[Task statement]
The lines needed are those below that contain the word "Anielskiej"; copy each one.

[Provided material]
^^^^^^^^

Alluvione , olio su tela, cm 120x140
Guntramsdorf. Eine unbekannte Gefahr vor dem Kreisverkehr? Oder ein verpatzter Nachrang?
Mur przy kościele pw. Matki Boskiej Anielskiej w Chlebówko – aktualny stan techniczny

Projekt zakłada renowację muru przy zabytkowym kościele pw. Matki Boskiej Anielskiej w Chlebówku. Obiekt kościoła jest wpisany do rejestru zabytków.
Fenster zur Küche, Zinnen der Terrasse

^^^^^^^^

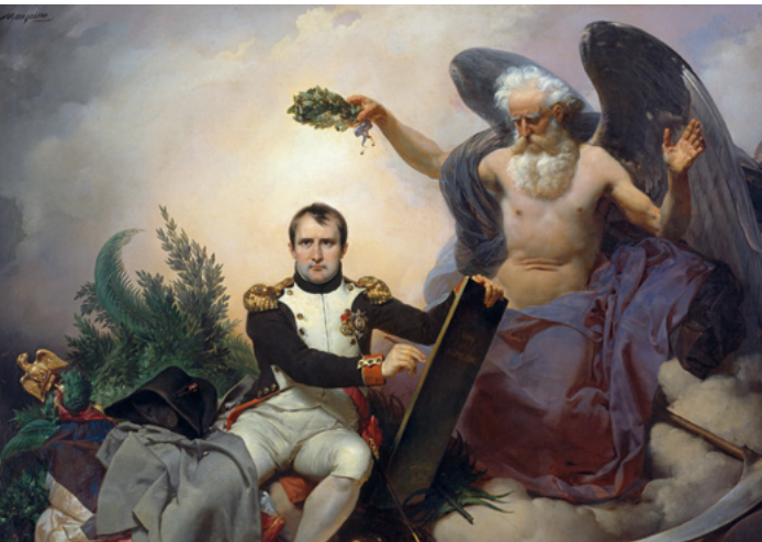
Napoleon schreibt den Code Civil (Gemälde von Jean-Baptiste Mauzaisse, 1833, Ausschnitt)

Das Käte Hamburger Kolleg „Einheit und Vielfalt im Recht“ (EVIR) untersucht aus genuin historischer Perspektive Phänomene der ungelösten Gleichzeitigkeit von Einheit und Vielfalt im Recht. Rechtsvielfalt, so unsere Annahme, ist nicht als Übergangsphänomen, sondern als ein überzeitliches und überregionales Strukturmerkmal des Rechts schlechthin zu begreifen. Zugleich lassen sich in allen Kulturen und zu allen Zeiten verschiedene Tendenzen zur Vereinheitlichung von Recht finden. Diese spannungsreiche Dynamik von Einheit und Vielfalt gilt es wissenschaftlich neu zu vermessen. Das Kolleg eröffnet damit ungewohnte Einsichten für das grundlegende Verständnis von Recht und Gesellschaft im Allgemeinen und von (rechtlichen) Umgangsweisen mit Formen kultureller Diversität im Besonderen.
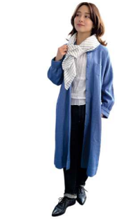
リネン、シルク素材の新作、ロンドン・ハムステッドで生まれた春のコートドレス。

^^^^^^^^

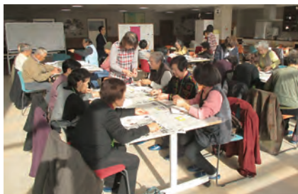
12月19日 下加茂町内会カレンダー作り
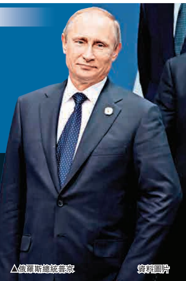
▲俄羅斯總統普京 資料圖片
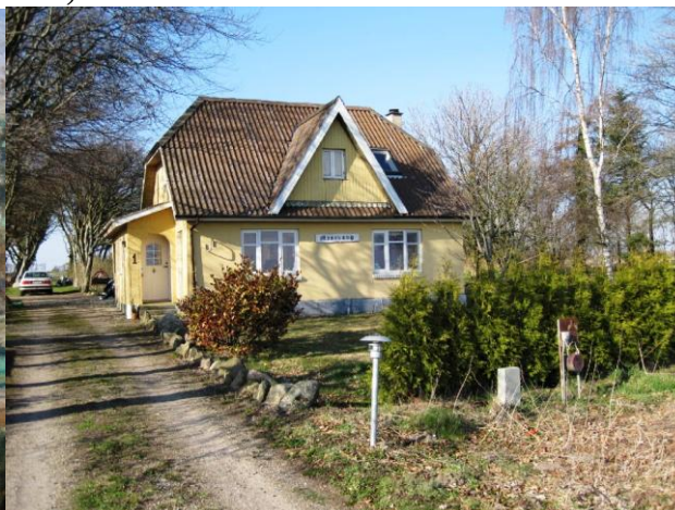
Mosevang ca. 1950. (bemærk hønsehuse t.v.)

^^^^^^^^

[Output below]
Mur przy kościele pw. Matki Boskiej Anielskiej w Chlebówko – aktualny stan techniczny
Projekt zakłada renowację muru przy zabytkowym kościele pw. Matki Boskiej Anielskiej w Chlebówku. Obiekt kościoła jest wpisany do rejestru zabytków.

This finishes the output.